I remember reading C. Piron suggesting (in a paper) that his two compatible complement (or orthocomplented) questions corresponding to a questions 'is it 'spin up' 'such that spin up would be the answer giving yes for this question and the other question 'is it spin down' corresponding to the question for which spin down gives an answer yes, cannot be performed simultaneously.

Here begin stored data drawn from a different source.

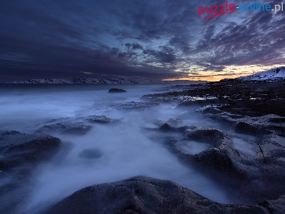 Skały, Rosja, Zatoka Kolska, Chmury, Morze Barentsa, Zima, Miejscowość Teriberka, Obwód murmański
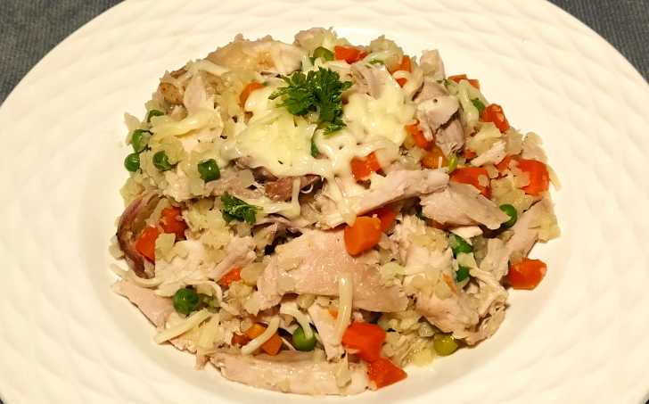 (Květákovou "rýži" lze koupit v supermarketech také mraženou. Tu stačí jen zlehka orestovat.)
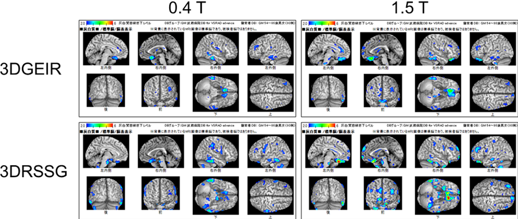 図3 0.4テスラ装置と1.5テスラ装置による3D T1強調画像のVSRAD解析結果(上段:3DGEIR、下段:3DRSSG)
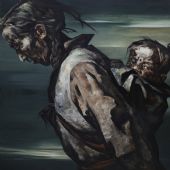 1997年我们刚归国不久,对国内眼花缭乱的美术创作感到迷茫,正在创作十字路口徘徊彷徨之际,叶楠的《重负》入选全国青年美展并获奖。后来得知詹建俊先生很喜欢这件作品,这又一次给叶楠很大的鼓励,促使她坚定地走上自己的创作之路。之后叶楠创作了一系列作品,参加了许多大展,确定了她的方向,逐渐被中国美术界所认可,成为一个崭露头角的女画家。2006年叶楠在邵大箴先生的推荐下,协助詹建俊先生用3年的时间完成《黄河大合唱》,虽然由于她的造型能力和手法和詹先生的要求相距很大,使她颇感吃力,但她认为通过这次创作经历,从詹先生那里学习到了许多东西,例如对大的构图的完美的追求,对造型的深入研究和表现,叶楠在整理此书的作品时认为,她的作品从黄河大合唱之后有了一个比较大的变化,更能够深入进去,更加耐看了。叶楠在她的《从黄河大合唱谈历史画创作》一书中详细记录了协助詹先生创作的过程。除了美术的创作的意识、修养、技术和受益匪浅外,她更提到了詹先生的为人对我们的影响。一般认为这样的老先生找助手创作,大部分工作都是助手的事,但詹先生从一开始的构图就手把手带着叶楠创作,在最后的半年,詹先生每两三天就来画室创作一整天,最后3个月几乎天天来,那么大面积的黄河水都出自詹先生之手,最重要的冼星海除打稿外的最后表现全是詹先生完成。所以最后才能有画面如此大的气势。可詹先生一定坚持把国家给的不多的经费给叶楠一半,叶楠无奈,从美院要来詹先生的工资卡号,将经费打过去,詹先生竟然和师母一道排队取出一大包现金硬塞给叶楠,还说:如果不拿,以后就不能去先生家了。叶楠从詹先生家出来说:这样的先生太值得我们尊重了,应该告诉后人,也是我们这些做教师的永远的楷模。
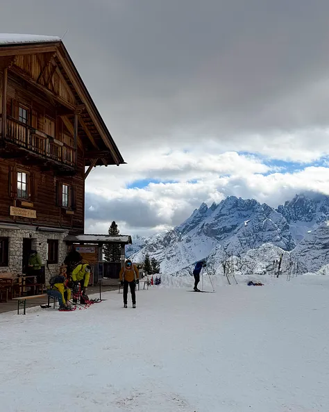 Dürrensteinhütte – which had to be my favorite stop on the trip. This is nestled up near a peak that we had to hike to. It was fun to snowshoe for hours and then feel like you earned your meal. We hiked a little bit past Landro e Pratto Piazza and saw many people doing the trip unguided. The path is pretty clear!
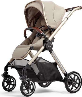 Why parents will love it: The revolutionary one-seat solution converts into four different modes, allowing your child to ride reclined, rear-facing, forward-facing or converted to a travel system with car-seat adapters (sold separately). Goldtone accents on the wheels appeal to your stylish side, while the large puncture-proof tires and all-wheel suspension handle more rugged terrain with ease. A state-of-the-art no-rethread harness system and Genius™ buckle provide added protection and peace of mind. A large, easy-to-access basket under the seat holds up to 22 pounds and the seat fabric is made with yarn from recycled plastic bottles.

Why was this the case?

 Is there a connection with the three box paradox; for example can one look in both boxes simultaneously; ie is that one cannot, because if you look in box 1 you get outcome A which is only in one of three boxes, but if you look in box 2 you also get that A is in box 2, so that it would be in both boxes if you look at both; or in this case, can one look at both boxes, and its merely found in one of the two, due to contextual effects.

I believe in speckers seer scenario one can look in all three and only just finds it one of the three boxes, despite the fact that for any two boxes looked at, one finds it one of those two boxes; but is this scenario ruled out in standard quantum mechanics, unlike the three box paradox.

The questions just being an inversion of the eigenvalues of the superpositions of which yes and no correspond, yes in the second question corresponds to orthocomplement of the projection that gave yes in the first question, ie the result that gives no in the first question.

I presume then that he did not mean that this just corresponds merely to placing the detector in a spin up beam versus a spin down beam, as one can place a detector in both.

So that roles of yes- no results are just inverted between the measurement outcomes of the same quantum state state observables's (same basis) measurement outcomes, 'spin up' and 'spin down'. I presume he was not talking about the consideration of totally different basis that the entity was measured in (as these different experiments) unless they corresponded to different quantum contexts, and thus different bases of some other observable which differs between contexts, but not of the particular quantum observable in question.

Thus what did  these questions  correspond to and what his reasoning for this claim.

I presume his reasoning was the fact that there was always some other question which would give the orthogonal result, so that if the first question gave yes, the second would have also,either due to the observable being in some sense, in an eigenstate of both, (or its eigenstate changes depending on what you ask) so that there are two possible deterministic states,  or due to some probabilistic ordering requirement (equiprobable events will receive the same measurement result, yes for spin up question if yes for spin down question (likewise for no results)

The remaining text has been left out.